▶ [Task description] Where the data below contains pictures, omit them; output the rest word for word.

[Items listed in a dataset]
Segment Open

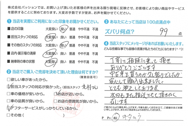 初めて行った時に今田さん山口さん達の対応がとても良く一人で行って少し不安だったのですが・・・・とっても安心して車を買う事が出来ました。ありがとうございました。
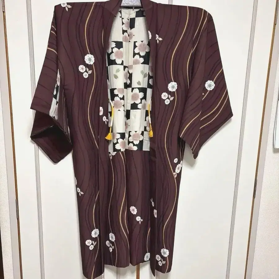 롱 겉옷 브라운색의 어긋난 무늬와 꽃무늬 화장 68cm
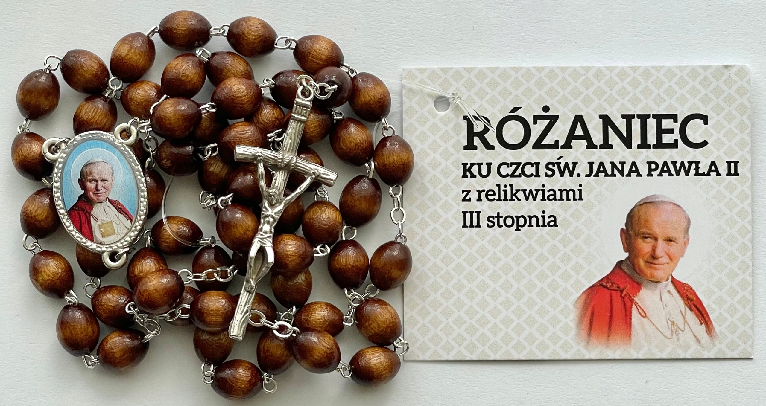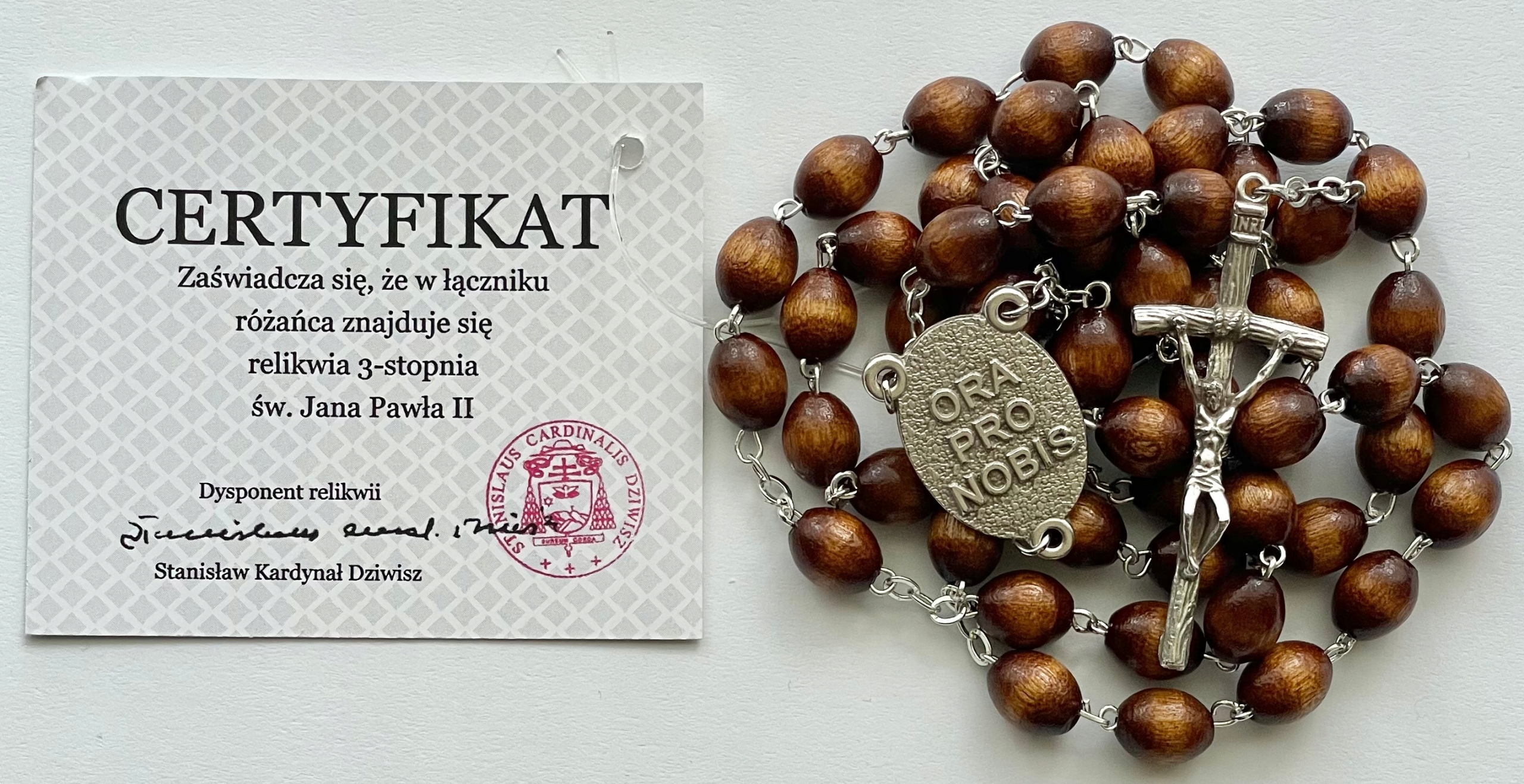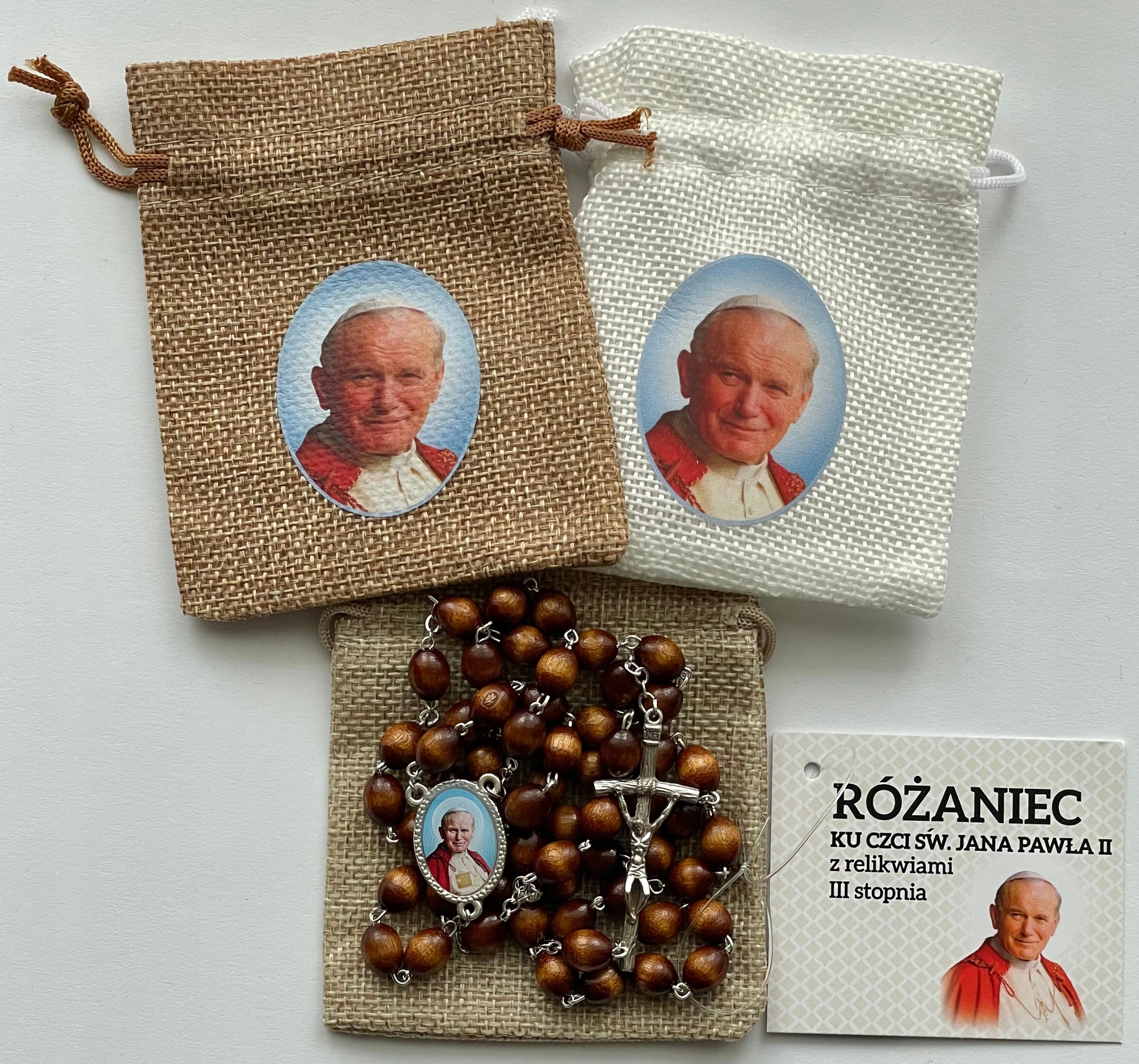 Деревянные четки(орех) с мощями святого Иоанна Павла IIсприлагаемым сертификатом подлинности упакованные в джутовый мешочек с изображением святого. Иоанн Павел II
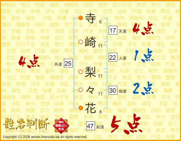 寺崎梨々花さんの総運は47画の5点!
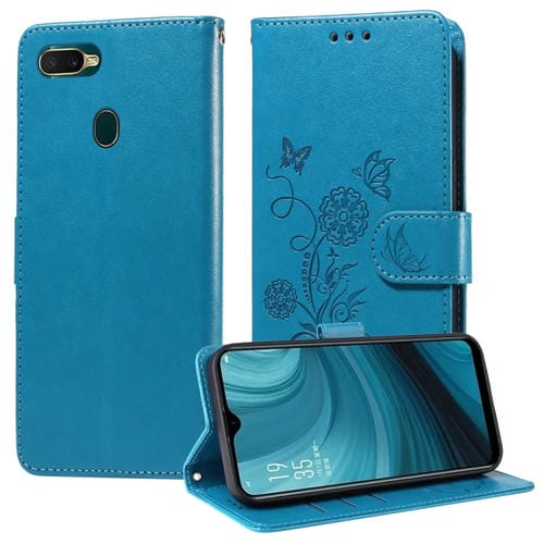 Funda de Cuero con Diseño de Mariposas y Flores En Relieve para Oppo A12/A12S/A11K (Azul)
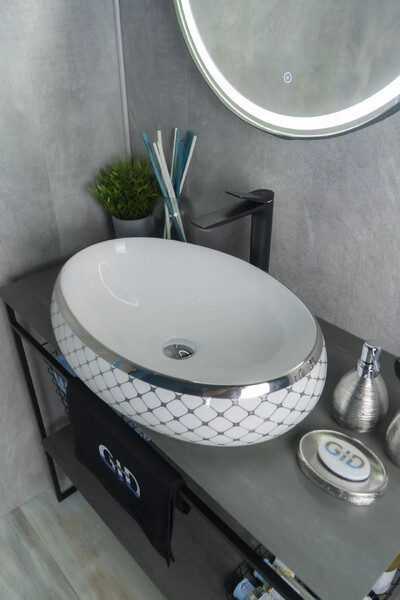 Умывальник Gid Nc262 - изящная раковина овальной формы в классическом белом цвете с элегантным серебряным узором, выглядит стильно и презентабельно. Модель предназначена для установки на столешницу. Умывальники Gid изготовлены из высококачественной керамики, что обеспечивает их длительный срок службы и сохранение цвета поверхности на длительное время.
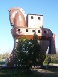 遺跡の入り口には「トロイの木馬」にちなんで、中に入ることもできる大きな木馬が立っている。完全に観光用。遺跡を囲む壁が、第6市の城塞だそうだ。シュリーマンは当初、第2市の遺跡から「プリアモス(トロイの最後の王)の財宝」を発掘したといわれる。
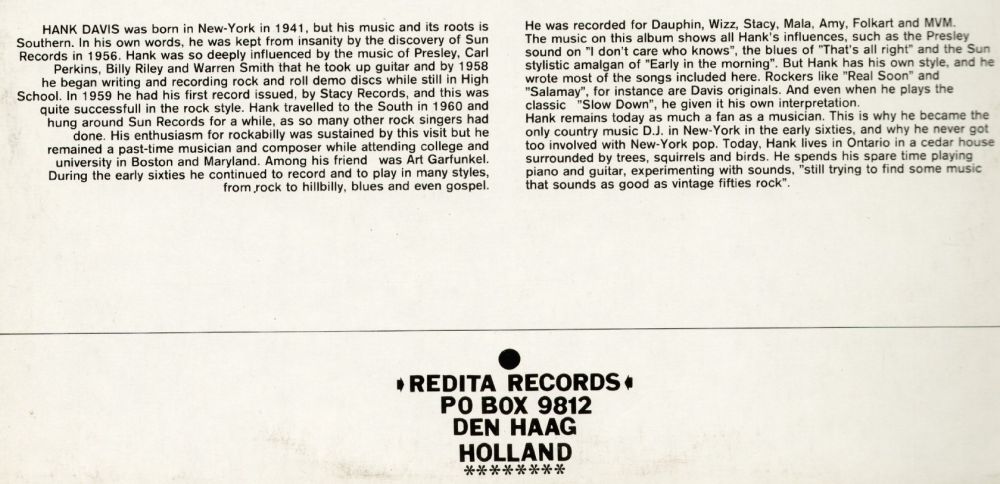 Wie jeder andere in New York geborene und aufgewachsene Teenager wuchs Henry „Hank“ Davis mit der Standardmusik auf, die Mitte der 50er Jahre regelmäßig im Radio lief. Doch bald lernte er, dem Mainstream zu entfliehen, indem er Country- und Rhythm-and-Blues-Sender hörte. Kurz darauf entdeckte Hank die Musik, die über das Sun-Label aus Memphis kam, besuchte einige von Alan Freeds Rock’n’Roll-Konzerten in New York und begann, bewaffnet mit einer billigen Gitarre, die er bei Sears gekauft hatte, mit einigen Schulkameraden seine Lieblingslieder von Carl Perkins, Johnny Cash oder Billy Lee Riley zu spielen.

Segment Closed

▶ [Worked solution]
 初めて行った時に今田さん山口さん達の対応がとても良く一人で行って少し不安だったのですが・・・・とっても安心して車を買う事が出来ました。ありがとうございました。
 롱 겉옷 브라운색의 어긋난 무늬와 꽃무늬 화장 68cm
 Деревянные четки(орех) с мощями святого Иоанна Павла IIсприлагаемым сертификатом подлинности упакованные в джутовый мешочек с изображением святого. Иоанн Павел II
 寺崎梨々花さんの総運は47画の5点!
 Funda de Cuero con Diseño de Mariposas y Flores En Relieve para Oppo A12/A12S/A11K (Azul)
 Умывальник Gid Nc262 - изящная раковина овальной формы в классическом белом цвете с элегантным серебряным узором, выглядит стильно и презентабельно. Модель предназначена для установки на столешницу. Умывальники Gid изготовлены из высококачественной керамики, что обеспечивает их длительный срок службы и сохранение цвета поверхности на длительное время.
 遺跡の入り口には「トロイの木馬」にちなんで、中に入ることもできる大きな木馬が立っている。完全に観光用。遺跡を囲む壁が、第6市の城塞だそうだ。シュリーマンは当初、第2市の遺跡から「プリアモス(トロイの最後の王)の財宝」を発掘したといわれる。
 Wie jeder andere in New York geborene und aufgewachsene Teenager wuchs Henry „Hank“ Davis mit der Standardmusik auf, die Mitte der 50er Jahre regelmäßig im Radio lief. Doch bald lernte er, dem Mainstream zu entfliehen, indem er Country- und Rhythm-and-Blues-Sender hörte. Kurz darauf entdeckte Hank die Musik, die über das Sun-Label aus Memphis kam, besuchte einige von Alan Freeds Rock’n’Roll-Konzerten in New York und begann, bewaffnet mit einer billigen Gitarre, die er bei Sears gekauft hatte, mit einigen Schulkameraden seine Lieblingslieder von Carl Perkins, Johnny Cash oder Billy Lee Riley zu spielen.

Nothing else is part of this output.